Section 18-1-37, N.M.S.A.1953 (Supp.1967) (as amended by Ch. 164, N.M.S.L.1967, to add the words “or small claims court”), reads:
“In any civil action in the district court or small claims court to recover on an open account, the prevailing party may be allowed a reasonable attorney fee set by the court, and taxed and collected as costs.”
“In the absence of a statute or rule of court it cannot be said that attorney fees are such items as are properly taxed as costs, or may be considered as items recoverable as damages. Dame v. Cochiti Reduction & Improvement Co., 13 N.M. 10, 79 P. 296; Tatavich v. Pettine et al., 31 N.M. 479, 247 P. 840; Atchison, Topeka & S. F. R. Co. v. Citizens’ Traction & Power Co., 16 N.M. 163, 113 P. 813.”

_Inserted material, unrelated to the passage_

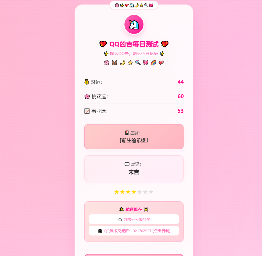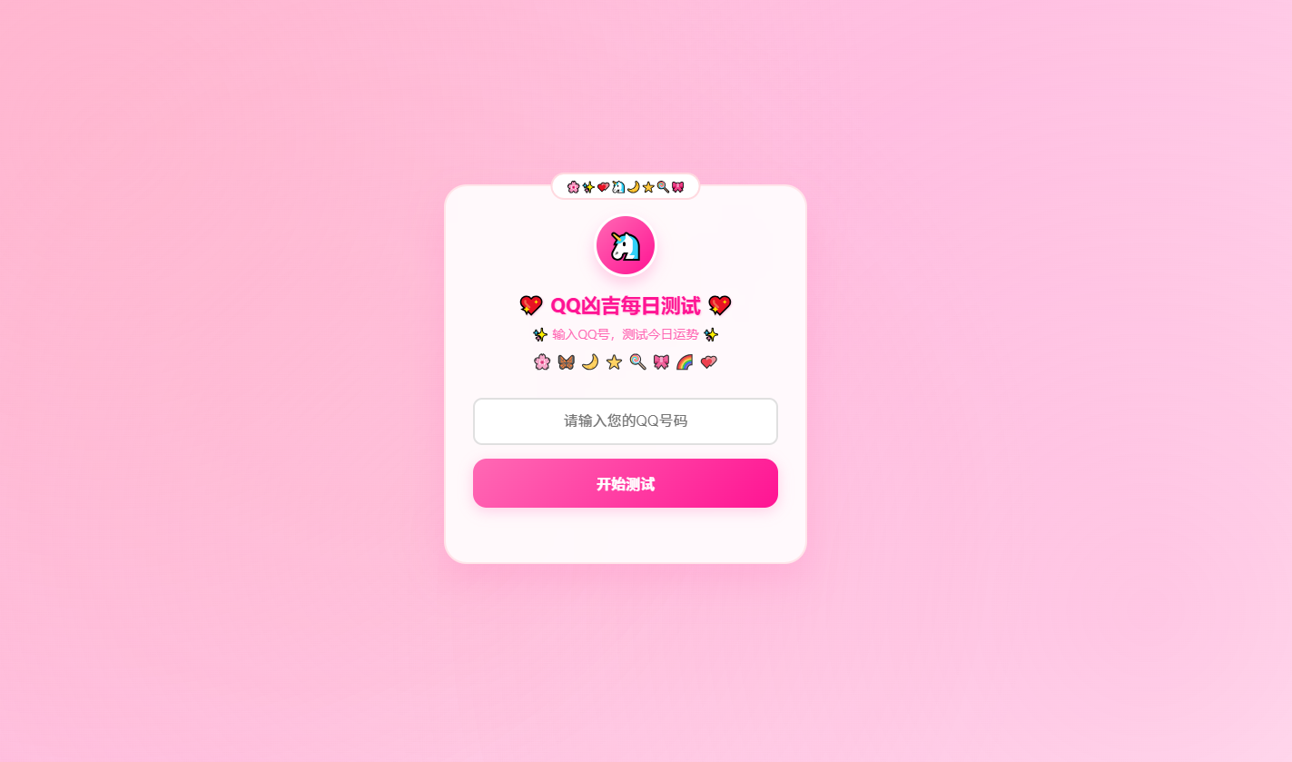 这是一个超级可爱的 QQ 每日运势测试网页应用,采用梦幻粉白色系设计,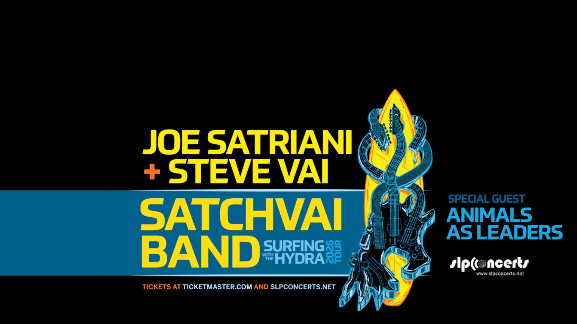 Get tickets now for Joe Satriani and Steve Vai’s Surfing With The Hydra 2026 Tour! The Satch/Vai Band (w/ Kenny Aronoff, Marco Mendoza & Pete Thorn) is joined by special guests Animals as Leaders! 🤘🎸🌊

Would the allowance of the attorneys’ fees in the present case be in violation of Art. II, § 19, of the New Mexico Constitution which prohibits any law impairing the obligations of contracts? Does the fact that part, or all, of the items in an open account were incurred before the effective date of the statute prevent the award of attorney fees as costs? We think not.
*649Although the general rule prior to the statute above quoted was as stated in Lujan, supra, exceptions were permitted before the statute was passed. These are shown in Gregg v. Gardner, 73 N.M. 347, 388 P.2d 68 (1963).

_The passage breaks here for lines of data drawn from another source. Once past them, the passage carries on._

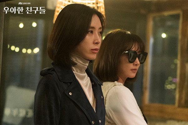 이후 <우아한 친구들>은 안궁철(유준상)과 남정해(송윤아) 부부 사이에 들어온 주강산(이태환)과 그의 죽음을 바탕으로 스릴러로 전환하는 듯 보였다. 하지만 안궁철의 친구들 사연이 안 궁금한데도, 계속 그들의 사연을 보여주느라 드라마는 도돌이표를 찍었다. 그 중에도 또 친구들은 천만식을 잊지 못해 다 같이 등산을 한다. 그 장면을 또 드론까지 이용한 촬영으로 멋있게 보여준다. 그런데 왜 드라마가 절반이 지나가는 길목에서 그들이 굳이 산에 가는 것까지 길게 보여줘야 하나? 이거 100부작 넘는 일일드라마 아니라 스릴러에 가까운 미니시리즈 아니었나, 이상하잖아.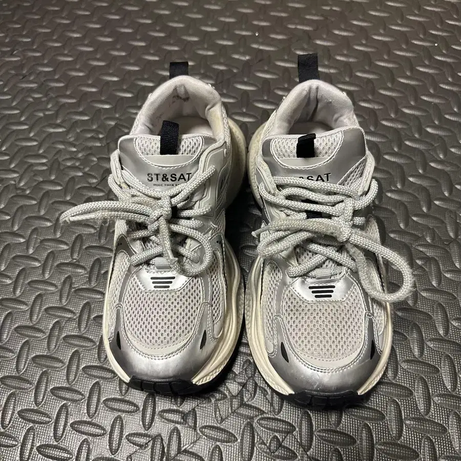 실버와 화이트 메쉬 스니커즈, 하트 모양의 밑창 디자인이 특징. - 브랜드: ST&SAT - 색상: 실버/화이트 - 밑창 디자인: 하트 모양 패턴 - 백 탭: 블랙 백 탭 - 소재: 메쉬/합성 피혁 방문해 주셔서 감사합니다. 사이즈 - 23cm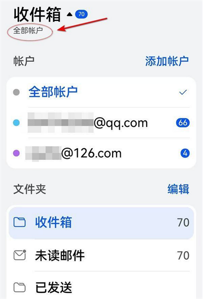 3、进入主界面后,向左滑动某个邮箱账户的标签,可以快速进入该账户的独立收件箱进行管理。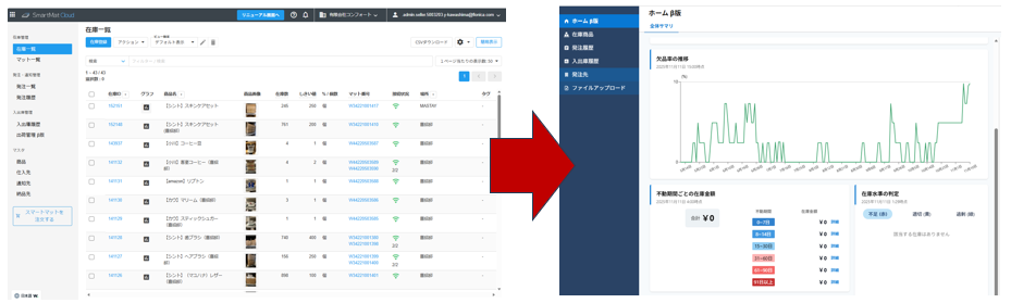 スマートマットクラウドで管理している在庫のうち、どの在庫が不動在庫に該当するのかを特定し、その在庫金額をWEB上で確認できます。これまで時間がかかっていた不動在庫の分析を簡単にし、社内の在庫削減アクション推進に貢献します。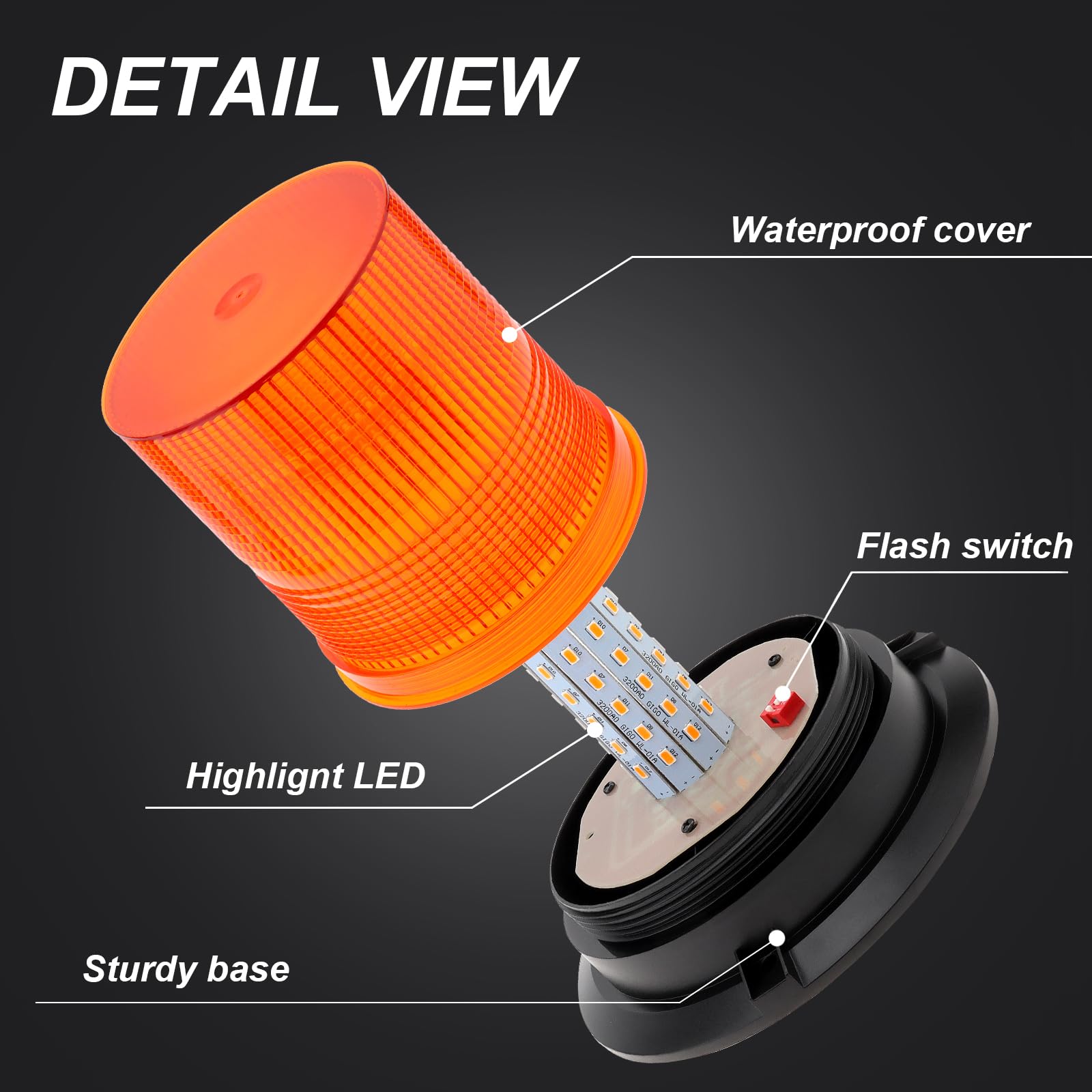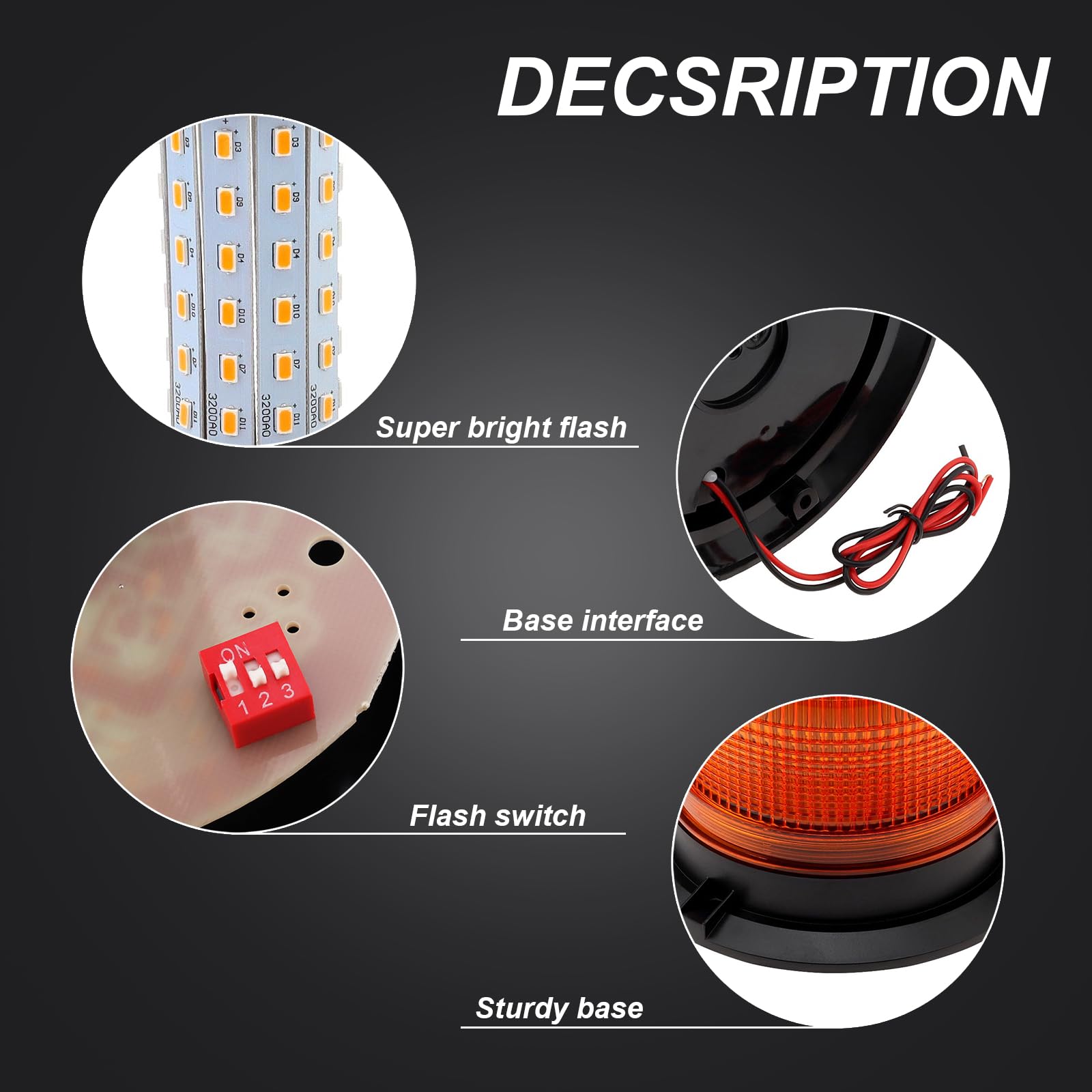 Super Bright Beacon Light: Roof top strobe light use 80 high intensity LED chips, the 360 degree coverage is fully illuminated from all angles to maximize light output and ensure more effective warning of other vehicles. Bright amber beacon lights for vehicles is easily seen in rain, fog and snow, visible during the day and night

We would be reluctant to say that the 1965 statute limited powers of the court in awarding attorney fees, although, granted, those powers were seldom used. In addition, if the statute as here applied is in retrospect, nevertheless it is generally held that the fact that enactments awarding attorneys’ fees, which are valid exercises of the power to prescribe costs, operate retrospectively will not render them unconstitutional. See Note VI, Validity of Statutory Provision for Attorneys’ Fees, 90 A.L.R. 530 (1934).
Appellant argues, however, that because the effective date of § 18-1-37, supra, came after the formation of the contract, the statute was applied retroactively, contrary to the stated rule of this court. See Board of Education of City of Las Vegas v. Boarman, 52 N.M. 382, 199 P.2d 998 (1948). An analysis of the purpose of this section reveals that its application was not retroactive. See Note, Approaching Statutory Interpretation in New Mexico, 8 Natural Resources J. 689 (1968). We are of the opinion that its primary purpose is to discourage litigation on open accounts except in those situations where both parties are convinced of the correctness of their position. In other words, the statute is designed to prevent the threat of litigation as a tactic either to avoid paying just debts or to enforce false claims. Because this action was filed after the effective date of the statute, the statute applied to the parties only prospectively. See County of Kossuth v. Wallace, 60 Iowa 508, 15 N.W. 305 (1883), and Murphy v. George Brown Co., 91 N.J.L. 412, 103 A. 28 (1918).
Other than cases arising from the imposition of attorneys’ fees as costs in actions against insurance companies, authorities on this question are rare. The insurance company cases disclose statutes that impose an attorney’s fee only against the insurer, and are otherwise distinguishable because of the state’s control under its police power of the issuance of insurance.
Although Art. IV, § 34 of our Constitution might prohibit the granting of attorney fees in cases pending at the time the statute was enacted, such is not the case here. Compare In re Hildebrand’s Estate, 57 N.M. 778, 264 P.2d 674 (1953), and Bradbury & Stamm Const. Co. v. Bureau of Revenue, 70 N.M. 226, 372 P.2d 808 (1962).
Having resolved that there was substantial evidence for the allowance of the open account and that there was no error in the award of attorneys’ fees, the judgment of the trial court is affirmed.
It is so ordered.
NOBLE, C. J., and MOISE, J., concur.